## Dataset entries:
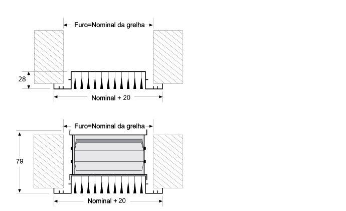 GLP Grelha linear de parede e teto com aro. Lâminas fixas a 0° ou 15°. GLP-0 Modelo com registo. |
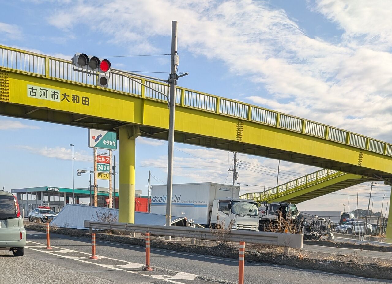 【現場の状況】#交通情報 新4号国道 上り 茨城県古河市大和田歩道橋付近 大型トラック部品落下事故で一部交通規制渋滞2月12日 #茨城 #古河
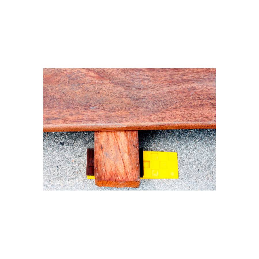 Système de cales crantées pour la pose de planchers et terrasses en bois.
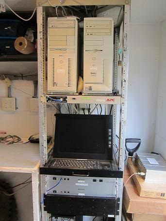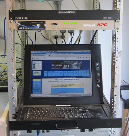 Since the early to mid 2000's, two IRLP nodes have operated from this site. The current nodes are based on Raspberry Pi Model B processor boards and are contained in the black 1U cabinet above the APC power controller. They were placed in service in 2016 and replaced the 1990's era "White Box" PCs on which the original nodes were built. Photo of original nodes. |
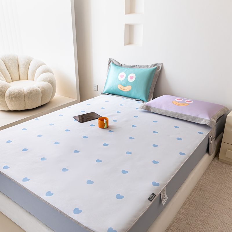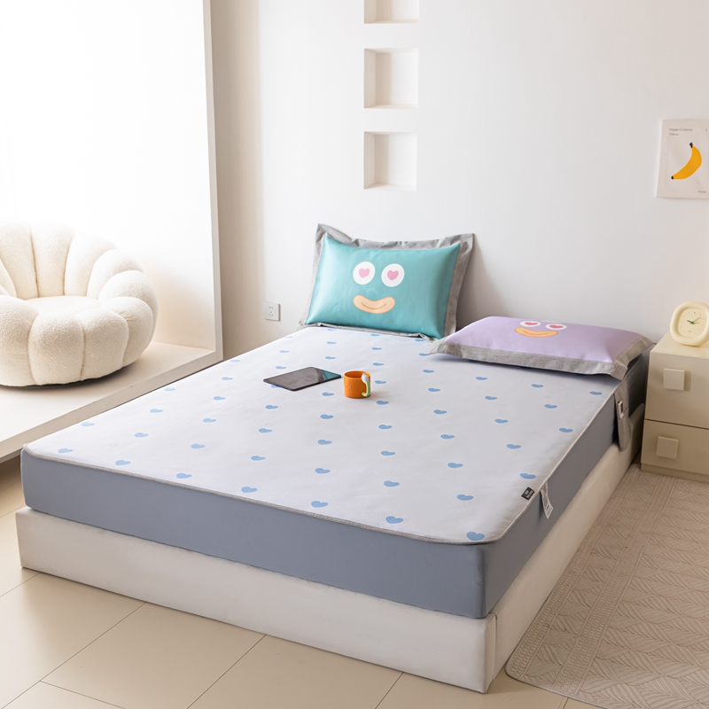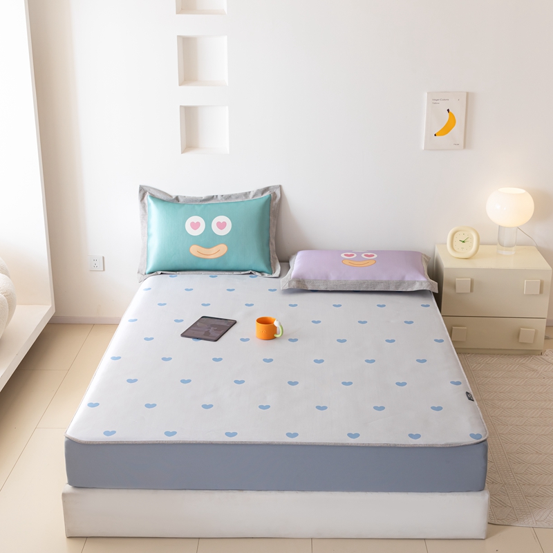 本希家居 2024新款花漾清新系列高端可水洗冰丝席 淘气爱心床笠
---
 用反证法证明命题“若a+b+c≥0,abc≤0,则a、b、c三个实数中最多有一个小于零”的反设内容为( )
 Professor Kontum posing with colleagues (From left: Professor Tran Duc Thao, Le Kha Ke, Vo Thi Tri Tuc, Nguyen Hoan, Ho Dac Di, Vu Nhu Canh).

## Exercise:
Both the line above containing "GLP Grelha linear" and the line containing "本希家居 2024新款花漾清新系列高端可水洗冰丝席 淘气爱心床笠" belong in the copy, along with every line between them; print these exactly and omit the pictures.

## Problem solution:
 GLP Grelha linear de parede e teto com aro. Lâminas fixas a 0° ou 15°. GLP-0 Modelo com registo. |
 【現場の状況】#交通情報 新4号国道 上り 茨城県古河市大和田歩道橋付近 大型トラック部品落下事故で一部交通規制渋滞2月12日 #茨城 #古河
 Système de cales crantées pour la pose de planchers et terrasses en bois.
 Since the early to mid 2000's, two IRLP nodes have operated from this site. The current nodes are based on Raspberry Pi Model B processor boards and are contained in the black 1U cabinet above the APC power controller. They were placed in service in 2016 and replaced the 1990's era "White Box" PCs on which the original nodes were built. Photo of original nodes. |
 本希家居 2024新款花漾清新系列高端可水洗冰丝席 淘气爱心床笠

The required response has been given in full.